**THE DATA**
========

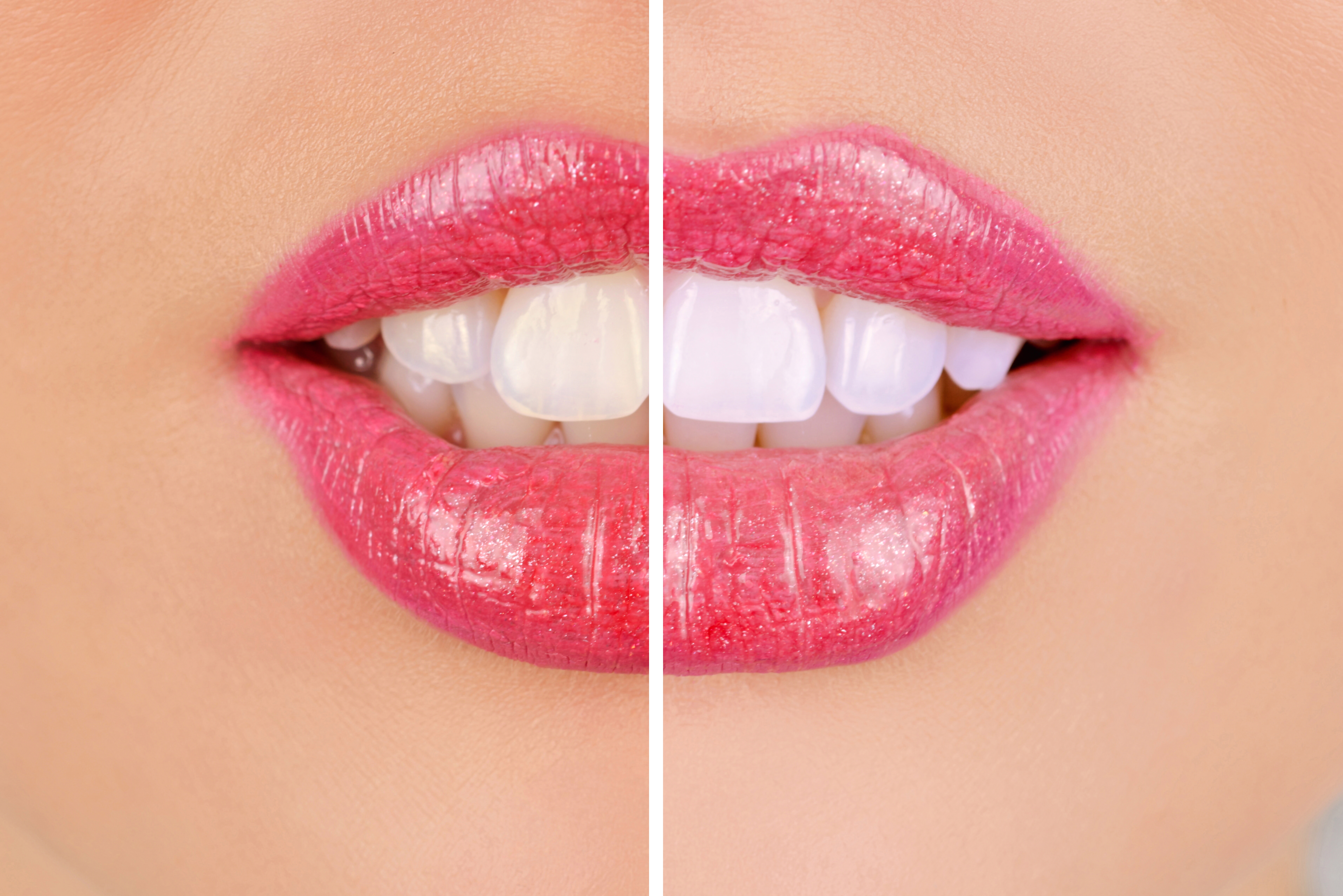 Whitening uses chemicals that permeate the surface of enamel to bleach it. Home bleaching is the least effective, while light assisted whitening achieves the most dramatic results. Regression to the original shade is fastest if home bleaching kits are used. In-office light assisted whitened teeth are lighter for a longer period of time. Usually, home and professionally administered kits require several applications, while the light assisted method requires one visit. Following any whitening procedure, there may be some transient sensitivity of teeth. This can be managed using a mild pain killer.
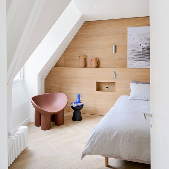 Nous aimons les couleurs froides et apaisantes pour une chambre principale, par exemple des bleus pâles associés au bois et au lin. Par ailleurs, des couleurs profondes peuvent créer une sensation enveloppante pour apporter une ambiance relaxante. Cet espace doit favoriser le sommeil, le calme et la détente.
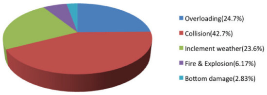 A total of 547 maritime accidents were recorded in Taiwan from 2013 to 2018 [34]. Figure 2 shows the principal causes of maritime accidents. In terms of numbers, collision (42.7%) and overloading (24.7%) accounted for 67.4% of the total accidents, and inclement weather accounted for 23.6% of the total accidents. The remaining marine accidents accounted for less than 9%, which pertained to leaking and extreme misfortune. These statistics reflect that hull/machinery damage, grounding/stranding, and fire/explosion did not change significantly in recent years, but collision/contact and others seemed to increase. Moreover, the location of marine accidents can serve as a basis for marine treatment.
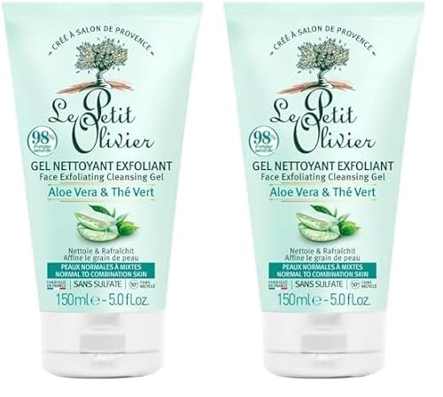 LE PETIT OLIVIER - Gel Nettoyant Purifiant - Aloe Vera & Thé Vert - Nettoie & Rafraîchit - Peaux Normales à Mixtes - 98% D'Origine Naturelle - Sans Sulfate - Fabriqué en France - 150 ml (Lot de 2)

========

**WHAT IS EXPECTED**
With the pictures removed, write the listing out word for word.

**SOLUTION TO THIS PROBLEM**
 Whitening uses chemicals that permeate the surface of enamel to bleach it. Home bleaching is the least effective, while light assisted whitening achieves the most dramatic results. Regression to the original shade is fastest if home bleaching kits are used. In-office light assisted whitened teeth are lighter for a longer period of time. Usually, home and professionally administered kits require several applications, while the light assisted method requires one visit. Following any whitening procedure, there may be some transient sensitivity of teeth. This can be managed using a mild pain killer.
 Nous aimons les couleurs froides et apaisantes pour une chambre principale, par exemple des bleus pâles associés au bois et au lin. Par ailleurs, des couleurs profondes peuvent créer une sensation enveloppante pour apporter une ambiance relaxante. Cet espace doit favoriser le sommeil, le calme et la détente.
 A total of 547 maritime accidents were recorded in Taiwan from 2013 to 2018 [34]. Figure 2 shows the principal causes of maritime accidents. In terms of numbers, collision (42.7%) and overloading (24.7%) accounted for 67.4% of the total accidents, and inclement weather accounted for 23.6% of the total accidents. The remaining marine accidents accounted for less than 9%, which pertained to leaking and extreme misfortune. These statistics reflect that hull/machinery damage, grounding/stranding, and fire/explosion did not change significantly in recent years, but collision/contact and others seemed to increase. Moreover, the location of marine accidents can serve as a basis for marine treatment.
 LE PETIT OLIVIER - Gel Nettoyant Purifiant - Aloe Vera & Thé Vert - Nettoie & Rafraîchit - Peaux Normales à Mixtes - 98% D'Origine Naturelle - Sans Sulfate - Fabriqué en France - 150 ml (Lot de 2)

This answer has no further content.